Sander Gillé and Joran Vliegen defeated Marcelo Melo and Alexander Zverev in the final, 5–7, 6–3, [10–5] to win the doubles tennis title at the 2024 Monte-Carlo Masters. It was both players' first Masters 1000 title, and they became the first Belgians to win a Masters 1000 doubles title since Xavier Malisse at the 2011 Indian Wells Masters.

Ivan Dodig and Austin Krajicek were the defending champions, but lost to Gillé and Vliegen in the second round.

Matthew Ebden reclaimed the ATP No. 1 doubles ranking from his partner Rohan Bopanna after the pair lost their second round match.

==Seeds==
The top four seeds received a bye into the second round.
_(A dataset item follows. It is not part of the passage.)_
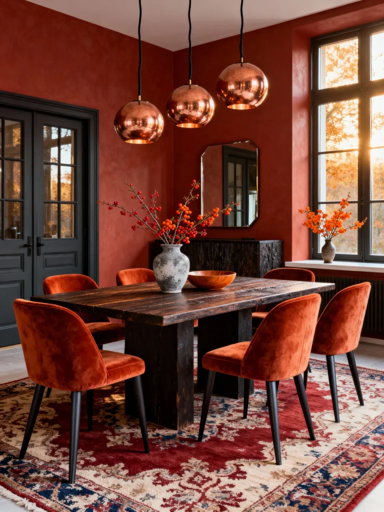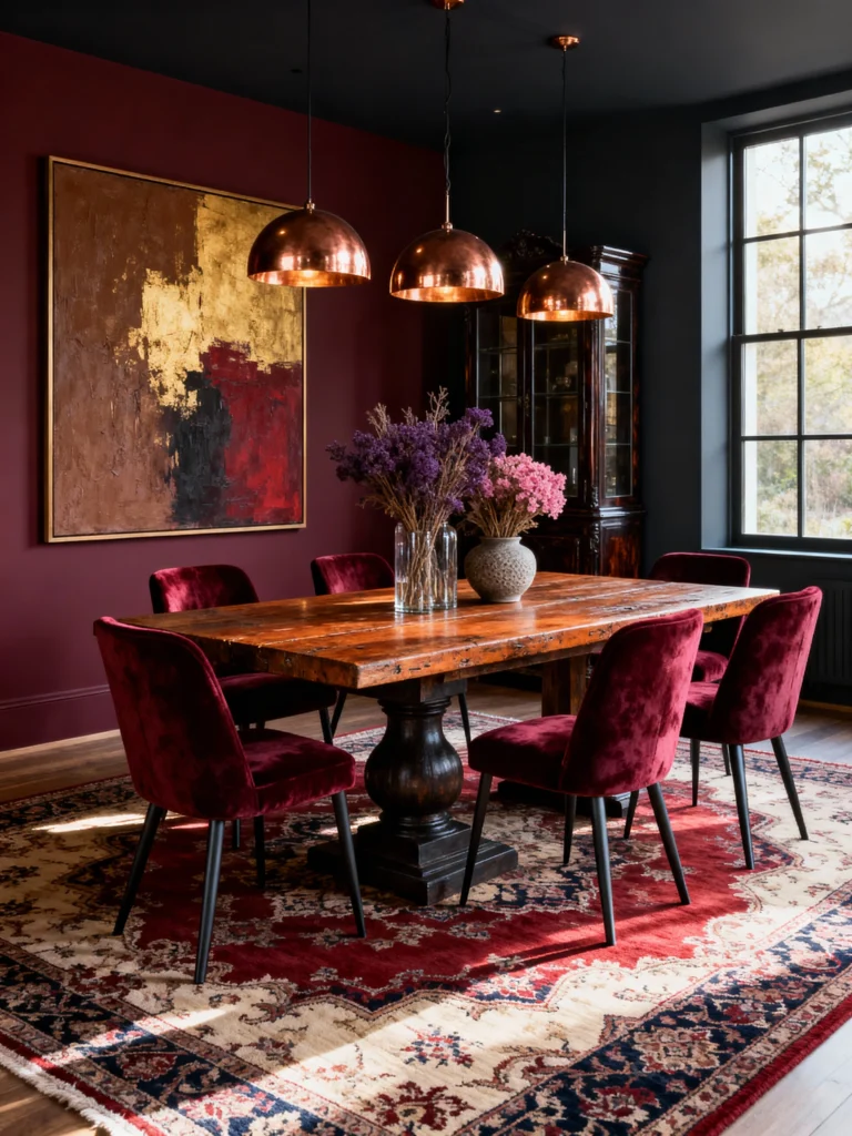 Those copper domes are back again, and they look stunning reflected against the dark walls. The rug pulls in those reds and creams to ground the whole look. It’s a very intimate, high-fashion space. If you want your dining room to feel like a hidden, upscale lounge, this is exactly how you do it.

1. IND Rohan Bopanna / AUS Matthew Ebden (second round)
2. CRO Ivan Dodig / USA Austin Krajicek (second round)
3. ESP Marcel Granollers / ARG Horacio Zeballos (semifinals)
4. USA Rajeev Ram / GBR Joe Salisbury (second round)
5. MEX Santiago González / GBR Neal Skupski (first round)
6. GER Kevin Krawietz / GER Tim Pütz (quarterfinals)
7. NED Wesley Koolhof / CRO Nikola Mektić (second round)
8. ARG Máximo González / ARG Andrés Molteni (second round)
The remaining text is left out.